» PROBLEM DETAILS:
Please repeat, without alteration, the line containing "Polo Ralph Lauren" and every line that follows it to the end of the entries below, and only those lines.

Extracted data entries:
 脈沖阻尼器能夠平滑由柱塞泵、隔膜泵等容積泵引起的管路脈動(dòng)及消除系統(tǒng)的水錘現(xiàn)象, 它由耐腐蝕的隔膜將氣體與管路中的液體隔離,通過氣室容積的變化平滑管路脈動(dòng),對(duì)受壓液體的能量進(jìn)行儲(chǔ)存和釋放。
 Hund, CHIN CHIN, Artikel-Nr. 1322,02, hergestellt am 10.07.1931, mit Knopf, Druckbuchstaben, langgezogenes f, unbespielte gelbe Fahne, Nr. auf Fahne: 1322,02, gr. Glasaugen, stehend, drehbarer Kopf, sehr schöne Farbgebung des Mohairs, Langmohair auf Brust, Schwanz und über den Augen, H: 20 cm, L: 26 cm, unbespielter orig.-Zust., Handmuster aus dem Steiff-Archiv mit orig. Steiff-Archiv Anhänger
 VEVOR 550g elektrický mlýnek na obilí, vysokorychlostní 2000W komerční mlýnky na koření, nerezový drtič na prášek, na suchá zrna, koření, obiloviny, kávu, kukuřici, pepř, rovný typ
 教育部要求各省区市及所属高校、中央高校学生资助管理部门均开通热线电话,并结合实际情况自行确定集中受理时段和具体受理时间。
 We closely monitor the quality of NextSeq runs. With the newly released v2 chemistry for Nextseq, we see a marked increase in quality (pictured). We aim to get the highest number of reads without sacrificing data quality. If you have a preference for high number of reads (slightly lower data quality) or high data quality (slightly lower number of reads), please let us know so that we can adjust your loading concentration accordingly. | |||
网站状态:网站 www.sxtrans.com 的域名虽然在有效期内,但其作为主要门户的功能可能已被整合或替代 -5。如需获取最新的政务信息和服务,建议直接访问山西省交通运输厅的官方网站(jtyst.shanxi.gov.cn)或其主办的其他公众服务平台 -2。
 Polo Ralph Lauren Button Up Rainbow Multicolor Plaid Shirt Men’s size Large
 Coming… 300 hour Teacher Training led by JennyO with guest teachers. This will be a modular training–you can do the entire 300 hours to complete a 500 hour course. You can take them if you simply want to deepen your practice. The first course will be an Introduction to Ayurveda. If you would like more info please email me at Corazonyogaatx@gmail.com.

» EXERCISE ANSWER:
 Polo Ralph Lauren Button Up Rainbow Multicolor Plaid Shirt Men’s size Large
 Coming… 300 hour Teacher Training led by JennyO with guest teachers. This will be a modular training–you can do the entire 300 hours to complete a 500 hour course. You can take them if you simply want to deepen your practice. The first course will be an Introduction to Ayurveda. If you would like more info please email me at Corazonyogaatx@gmail.com.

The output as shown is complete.